🤖 AI Summary
This work proposes a zero-shot method for aligning two 3D meshes using only textual prompts describing their spatial relationships. At test time, the approach directly optimizes the relative pose by leveraging semantic gradients from CLIP-driven differentiable rendering, combined with a soft ICP variant, interpenetration penalties, a staged scheduling of geometric constraints, and a camera strategy that focuses on interaction regions. This framework is the first to integrate vision-language models with geometry-aware objectives, achieving semantically accurate and physically plausible alignments without training any new models. Evaluated on a newly curated benchmark encompassing diverse object categories and spatial relations, the method significantly outperforms existing approaches.
📝 Abstract
We study zero-shot 3D alignment of two given meshes, using a text prompt describing their spatial relation -- an essential capability for content creation and scene assembly. Earlier approaches primarily rely on geometric alignment procedures, while recent work leverages pretrained 2D diffusion models to model language-conditioned object-object spatial relationships. In contrast, we directly optimize the relative pose at test time, updating translation, rotation, and isotropic scale with CLIP-driven gradients via a differentiable renderer, without training a new model.
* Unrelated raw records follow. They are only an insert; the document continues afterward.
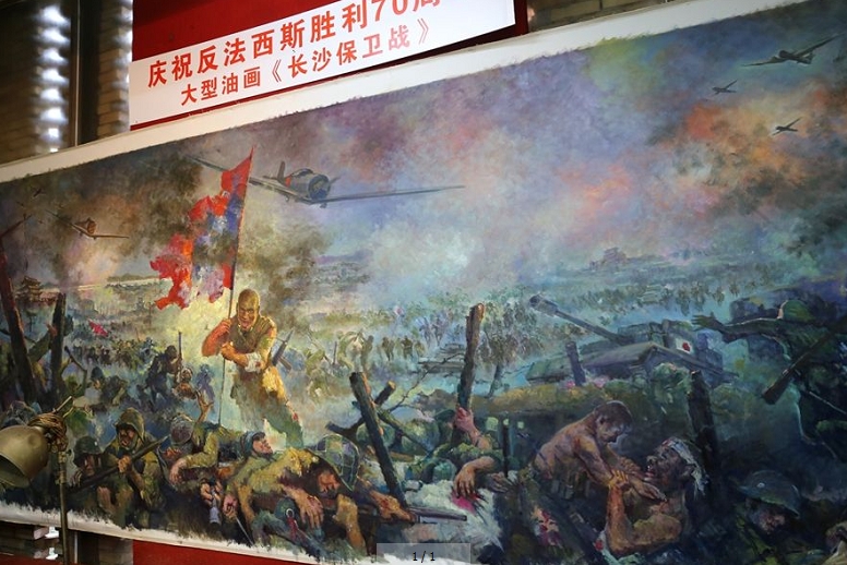 油画《长沙保卫战》长7米、高2.15米,画中描绘了近300个人物形象,体现了抗战中的民族精神。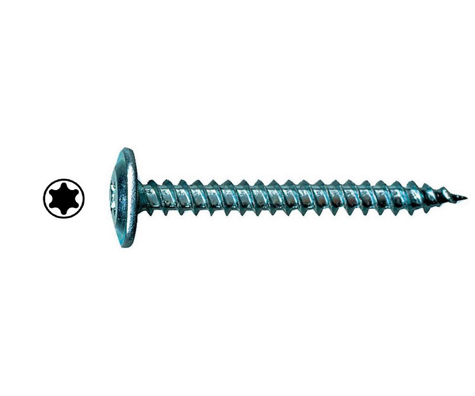 Litteäkantainen/matalakantainen ohutlevyruuvi sähkösinkittynä kaikenlaiseen kiinnitykseen. Torx-kanta.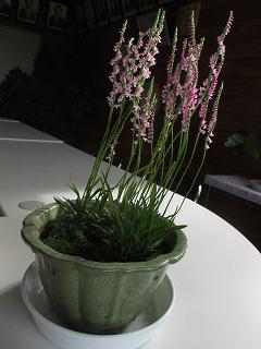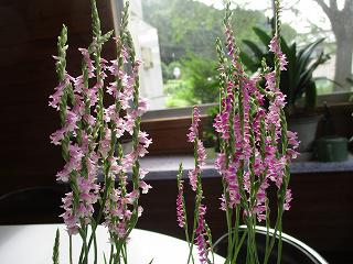 ボランティアの方が「ネジバナ」の植木鉢を持って来てくださいました。「ネジバナ」はラン科ですが、身近な野花です。特に日当たりのよい芝地を好むそうです。花の穂はねじれるようにつき、そのねじれ方は一本一本異なるそうです。右巻きと左巻きの割合は半々で、中にはほとんど巻かないものもあるそうです。株によって、色の濃さが異なり、ぐるぐるねじれていてかわいい花です。昇降口に置いてあります。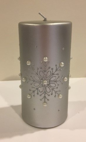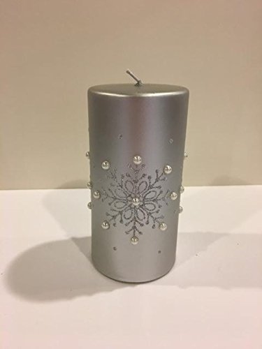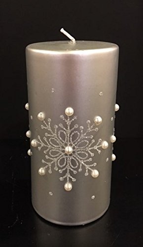 Luna Lumia Decorative Silver Pillar Candle with White Snowflakes And Pearls Design, No-Drip Smokeless Wax Candles. Relaxing & Romantic Atmosphere. Excellent Gift Idea!
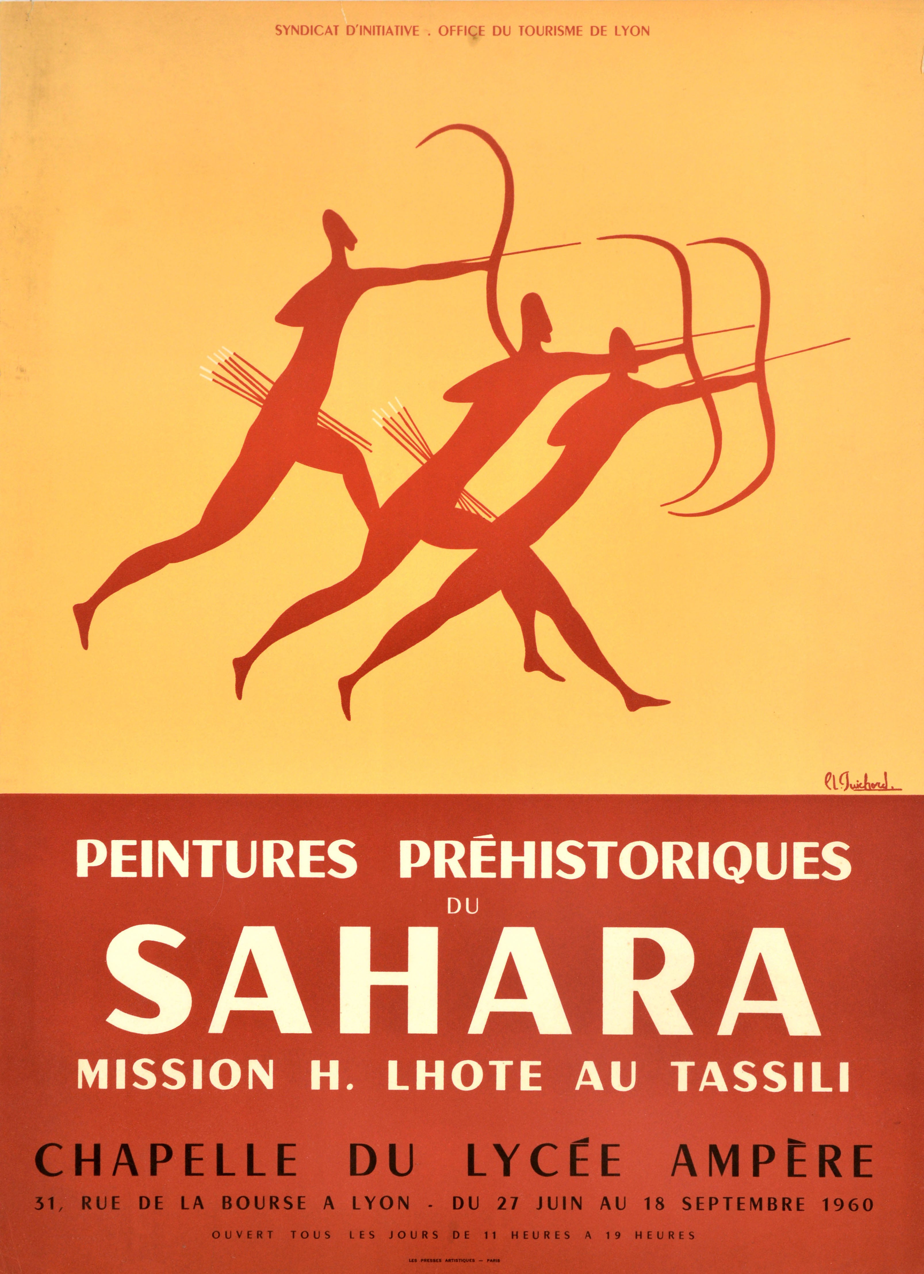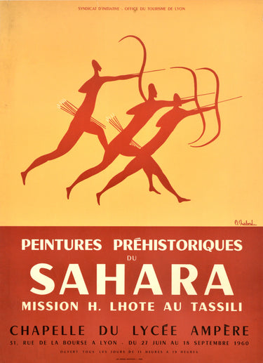 Original vintage advertising poster for an exhibition of Prehistoric Paintings of the Sahara Expedition H. Lhote Mission to Tassili / Peintures Prehistoriques du Sahara Mission H. Lhote au Tassili held at the Chapelle du Lycée Ampere chapel in Lyon from 27 June to 18 September 1960 featuring a primitive cave painting style image of three red silhouettes as archers armed with bows and arrows on a yellow background, the text below. The French explorer and ethnographer Henri Lhote (1903-1991) discovered prehistoric cave art in the remote Tassili-n-Ajjer plateau in Algeria on the edge of the Sahara desert in Africa with the help of information from the French soldier Charles Brennans and funding from the Musée de l’Homme in 1956; he documented around 800 artworks and returned on three more missions between 1958 and 1962. Published by Tourist Information Centre; Lyon Tourist Office. Printed by Les Presses Artistiques, Paris. Good condition, creasing, staining, tears.

Our framework augments language supervision with geometry-aware objectives: a variant of soft-Iterative Closest Point (ICP) term to encourage surface attachment and a penetration loss to discourage interpenetration. A phased schedule strengthens contact constraints over time, and camera control concentrates the optimization on the interaction region. To enable evaluation, we curate a benchmark containing diverse categories and relations, and compare against baselines. Our method outperforms all alternatives, yielding semantically faithful and physically plausible alignments.